The tech world is a highly competitive place. Many companies make money by being late to market, they are late to meet customer expectations, they are late to meet competitive demands, and they are late to meet regulatory demands. These are all forms of self-awareness.
While it may seem counterintuitive, a company is only late to market when they are either late to meet a competitor’s demands or they are late to meet regulatory demands.
What’s interesting about this statement is that while it may seem counter-intuitive, it’s not at all like this is a bad thing. It’s simply a fact that companies that are late to meet competition or regulators can be more profitable than those that are late to meet their customers’ expectations. In other words, it’s a form of self-awareness. But it’s also not a bad thing because it helps companies become more profitable.
This one is actually a little more difficult. We as investors want to see a company go bankrupt, but how do we know if they are going to go bust? The answer is they don’t, and they don’t even know they are going to bust. Companies are built on top of one another, and a company that is built on top of a company, they will always be there.
So if you are a shareholder, all you have to do is look at the companies that are not going to be the next company to go out of business to know they are not going to go bust. Then you just keep on buying the stock until the company goes bust. If you are a stock trader, you could say, “Well, I just bought the stock because my company is going to go bust, so I just might as well go and buy the company right now”.
Of course, companies that go bust are usually companies that are built on the wrong idea. So if you are a company that is built on the wrong idea, then you are unlikely to be very successful. If you buy into a company that is built on the wrong idea, then you are more likely to be successful.

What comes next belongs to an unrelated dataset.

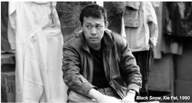
Black Snow, Xie Fei, 1990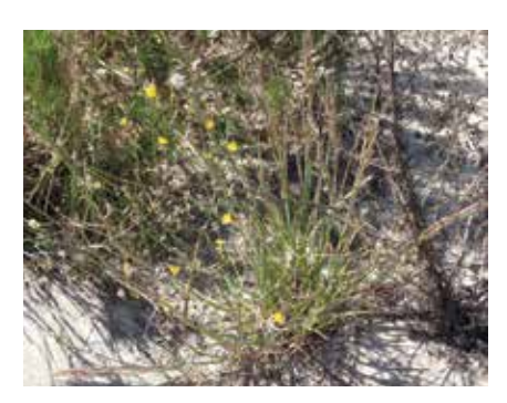
Figure 5. Chondrilla juncea (skeleton-weed), Jones Beach.

Chondrilla juncea , skeleton-weed (not native) Asteraceae, the Aster Family

When you buy into a company that is built on the wrong idea, you are likely to be successful. But when you buy into a company that is built on the right idea, you are more likely to fail. But when you buy into a company that is built on the wrong idea, you are also more likely to fail. But when you buy into a company that is built on the right idea, you are more likely to be successful.

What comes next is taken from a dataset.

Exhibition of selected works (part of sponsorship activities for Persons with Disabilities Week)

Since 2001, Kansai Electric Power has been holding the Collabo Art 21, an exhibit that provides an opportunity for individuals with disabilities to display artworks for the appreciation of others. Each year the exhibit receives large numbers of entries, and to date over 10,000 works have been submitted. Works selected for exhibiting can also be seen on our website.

For me, this sounds like typical tech stocks, but what’s interesting is that it’s not just the tech stocks that are built on the wrong idea. I’ve talked to many investors who are convinced they own the best stocks, but they are so convinced of their stocks’ success that they refuse to consider the possibility that they might be wrong.
So is someone in a position of wealth, or even power, going to take their time and think carefully about the stocks they own? Or will they buy whatever stock is best for them? It sounds like a pretty big leap of logic to me.
It sounds like the most common investor gets a pretty good sense of what they are doing. These “best stocks” investors have seen their companies grow from 100 to 1,000 times their revenues, and they are not particularly worried about the stock market. It makes sense that they’ll buy the stock that does as well in the current market, but that doesn’t necessarily guarantee they’ll buy a stock that isn’t doing well.